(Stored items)

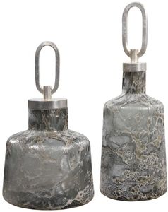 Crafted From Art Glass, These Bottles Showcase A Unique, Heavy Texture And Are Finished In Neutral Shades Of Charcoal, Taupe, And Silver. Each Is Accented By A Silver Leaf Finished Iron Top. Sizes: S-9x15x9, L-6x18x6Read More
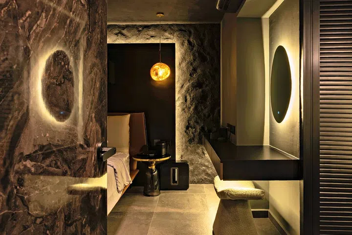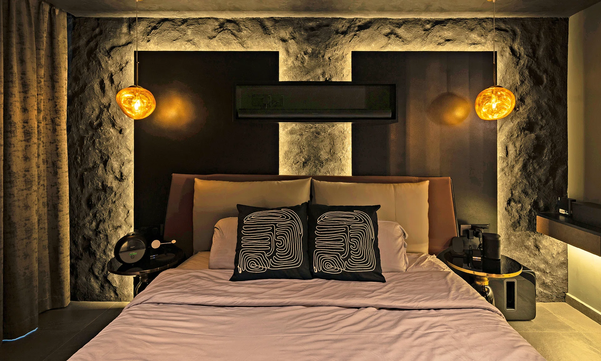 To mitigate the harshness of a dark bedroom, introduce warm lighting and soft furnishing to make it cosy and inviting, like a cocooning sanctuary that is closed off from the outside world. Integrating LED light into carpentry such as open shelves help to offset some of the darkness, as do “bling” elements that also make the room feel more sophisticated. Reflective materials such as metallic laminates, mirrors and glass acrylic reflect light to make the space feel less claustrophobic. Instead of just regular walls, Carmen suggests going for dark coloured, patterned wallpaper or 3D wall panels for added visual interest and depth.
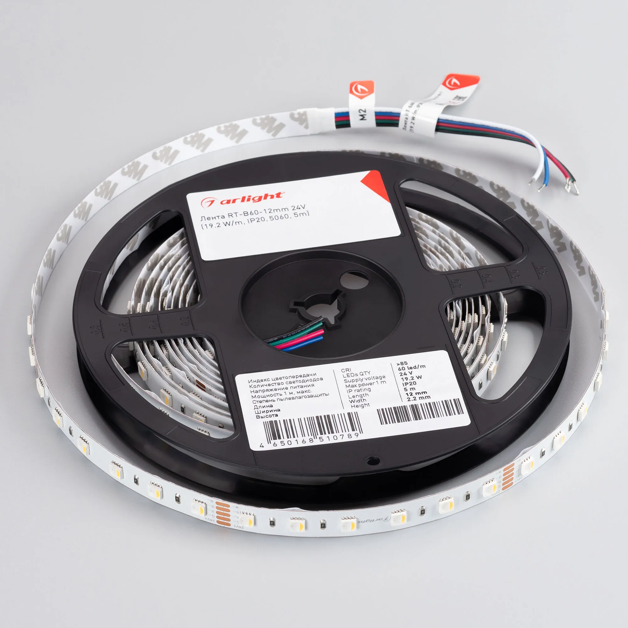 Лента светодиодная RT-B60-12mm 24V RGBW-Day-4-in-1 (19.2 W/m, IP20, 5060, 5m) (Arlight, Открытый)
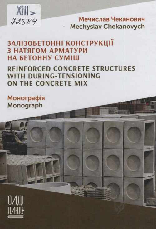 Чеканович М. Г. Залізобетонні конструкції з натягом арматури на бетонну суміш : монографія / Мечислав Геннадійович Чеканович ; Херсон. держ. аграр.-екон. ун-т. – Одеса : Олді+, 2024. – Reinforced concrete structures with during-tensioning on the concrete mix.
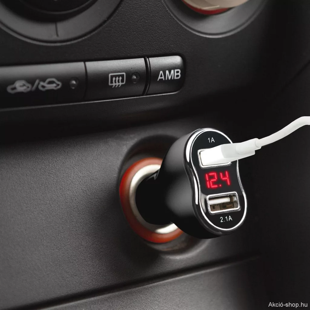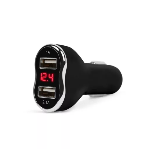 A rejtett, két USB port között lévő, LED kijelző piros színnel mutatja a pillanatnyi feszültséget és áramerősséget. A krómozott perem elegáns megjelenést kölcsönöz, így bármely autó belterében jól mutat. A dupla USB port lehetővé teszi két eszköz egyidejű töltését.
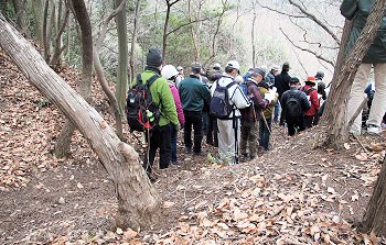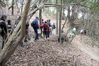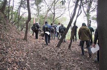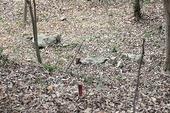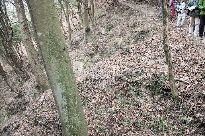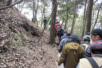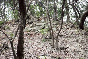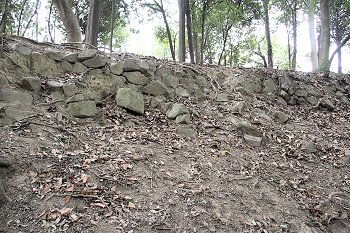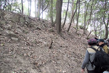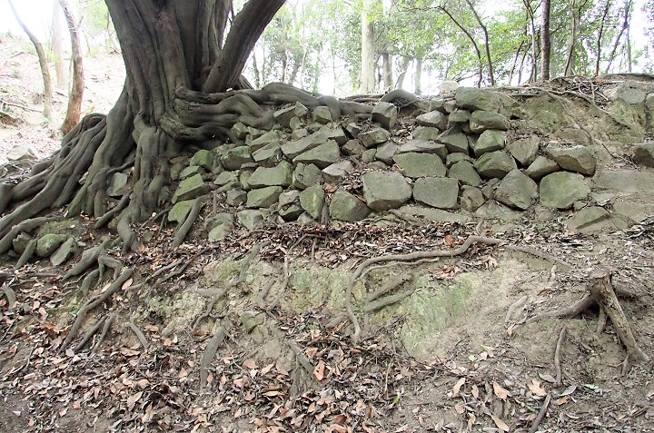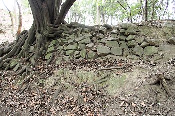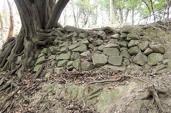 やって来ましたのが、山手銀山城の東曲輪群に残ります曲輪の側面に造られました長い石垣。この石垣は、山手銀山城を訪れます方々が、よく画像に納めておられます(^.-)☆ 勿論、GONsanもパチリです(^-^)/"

== Instructions for the task ==
Would you copy the records word for word, without any of their pictures?

== Task output ==
 Crafted From Art Glass, These Bottles Showcase A Unique, Heavy Texture And Are Finished In Neutral Shades Of Charcoal, Taupe, And Silver. Each Is Accented By A Silver Leaf Finished Iron Top. Sizes: S-9x15x9, L-6x18x6Read More
 To mitigate the harshness of a dark bedroom, introduce warm lighting and soft furnishing to make it cosy and inviting, like a cocooning sanctuary that is closed off from the outside world. Integrating LED light into carpentry such as open shelves help to offset some of the darkness, as do “bling” elements that also make the room feel more sophisticated. Reflective materials such as metallic laminates, mirrors and glass acrylic reflect light to make the space feel less claustrophobic. Instead of just regular walls, Carmen suggests going for dark coloured, patterned wallpaper or 3D wall panels for added visual interest and depth.
 Лента светодиодная RT-B60-12mm 24V RGBW-Day-4-in-1 (19.2 W/m, IP20, 5060, 5m) (Arlight, Открытый)
 Чеканович М. Г. Залізобетонні конструкції з натягом арматури на бетонну суміш : монографія / Мечислав Геннадійович Чеканович ; Херсон. держ. аграр.-екон. ун-т. – Одеса : Олді+, 2024. – Reinforced concrete structures with during-tensioning on the concrete mix.
 A rejtett, két USB port között lévő, LED kijelző piros színnel mutatja a pillanatnyi feszültséget és áramerősséget. A krómozott perem elegáns megjelenést kölcsönöz, így bármely autó belterében jól mutat. A dupla USB port lehetővé teszi két eszköz egyidejű töltését.
 やって来ましたのが、山手銀山城の東曲輪群に残ります曲輪の側面に造られました長い石垣。この石垣は、山手銀山城を訪れます方々が、よく画像に納めておられます(^.-)☆ 勿論、GONsanもパチリです(^-^)/"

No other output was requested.